Coup de projecteur#2
#transitionécologique

Le vélo en ville, c'est pas si facile

Un petit point sur mon expérience personnelle

Je suis assistante maternelle à Romans et je fais du périscolaire. Je vais à l’école Jules NADI tous les jours. Dans un premier temps, j’utilisais une poussette mais l’état des trottoirs, notamment ceux des rues Auguste PAILHEREY et Régis GIGNIER, étaient trop dégradés pour être praticables. Entre les trous, les bateaux devant les passages piétons souvent trop hauts, voire inexistants, et les feuilles mortes qui peuvent s’accumuler des mois (contrairement à l’avenue Gambetta où les souffleurs n’hésite pas à passer régulièrement à 6h30 le matin), c’était trop difficile. J’ai longtemps cherché une alternative à la poussette. Plusieurs options s’offraient à moi : une remorque, des portes bébé (sur le porte bagage et/ou entre la selle et le guidon), biporteurs etc.

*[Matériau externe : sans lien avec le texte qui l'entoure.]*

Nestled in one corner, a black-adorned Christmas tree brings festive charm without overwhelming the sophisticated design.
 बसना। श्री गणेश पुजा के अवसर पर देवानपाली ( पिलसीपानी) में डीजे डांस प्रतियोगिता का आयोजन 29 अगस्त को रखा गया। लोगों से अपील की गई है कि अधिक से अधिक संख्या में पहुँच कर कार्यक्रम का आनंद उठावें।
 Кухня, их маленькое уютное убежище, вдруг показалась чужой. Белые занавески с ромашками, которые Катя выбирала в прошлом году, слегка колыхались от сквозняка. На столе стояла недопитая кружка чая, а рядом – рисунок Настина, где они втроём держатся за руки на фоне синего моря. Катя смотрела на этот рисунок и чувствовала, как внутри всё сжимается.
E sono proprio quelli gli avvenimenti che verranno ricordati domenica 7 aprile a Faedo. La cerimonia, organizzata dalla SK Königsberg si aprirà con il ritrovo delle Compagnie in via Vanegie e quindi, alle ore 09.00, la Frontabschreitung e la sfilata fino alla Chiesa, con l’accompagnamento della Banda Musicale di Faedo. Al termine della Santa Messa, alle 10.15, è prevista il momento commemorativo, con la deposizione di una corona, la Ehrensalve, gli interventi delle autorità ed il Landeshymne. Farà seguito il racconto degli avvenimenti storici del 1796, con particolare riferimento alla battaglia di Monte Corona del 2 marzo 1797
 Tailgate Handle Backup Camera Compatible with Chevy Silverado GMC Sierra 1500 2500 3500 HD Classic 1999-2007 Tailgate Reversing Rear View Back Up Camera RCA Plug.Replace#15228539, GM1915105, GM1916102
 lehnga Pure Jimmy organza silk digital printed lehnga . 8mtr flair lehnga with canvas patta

Une remorque à fixer derrière le vélo
Un vélo avec deux portes bébés
Un biporteur avec 2 places enfants

J’ai finalement opté pour un triporteur pour que les enfants ne soient pas au ras du sol (à proximité des pots d’échappement), je voulais aussi les avoir face à moi et qu’il·elle·s aient des ceintures de sécurité. Un autre atout non négligeable : l’assistance électrique. 

Je me suis vite rendue compte que le vélo en ville c’est l’épreuve du combattant ! ​

Déjà, il faut trouver des pistes cyclables, parce que sorti des grands axes, ou des zones touristiques, elles sont assez rares dans la ville. Ensuite, on doit faire face aux incivilités : en effet, certaines personnes ont tendance à les confondre avec des dépose-minutes ou des places de parking selon les cas. Puis, quand il y a des travaux, les pistes sont annexées, parfois pour plusieurs jours, sans déviation sécurisée bien évidemment. La cohabitation est également compliquée avec les automobilistes, le plus souvent de manière inconsciente, mais pas que. Chaque jour, je me fais griller des priorités ou une voiture passe trop vite et trop à côté de moi, au risque de me renverser. Même en faisant abstraction de tout cela, il reste l’état des routes, surtout lorsque l’on s’éloigne du centre-ville : nids de poule et bouches d’égout plus ou moins de niveau se mettent soudain à fleurir dans tous les sens ! Un vrai bonheur !

Le triporteur participant à un atelier “Porteur de Paroles” avec le Collectif pour Romans.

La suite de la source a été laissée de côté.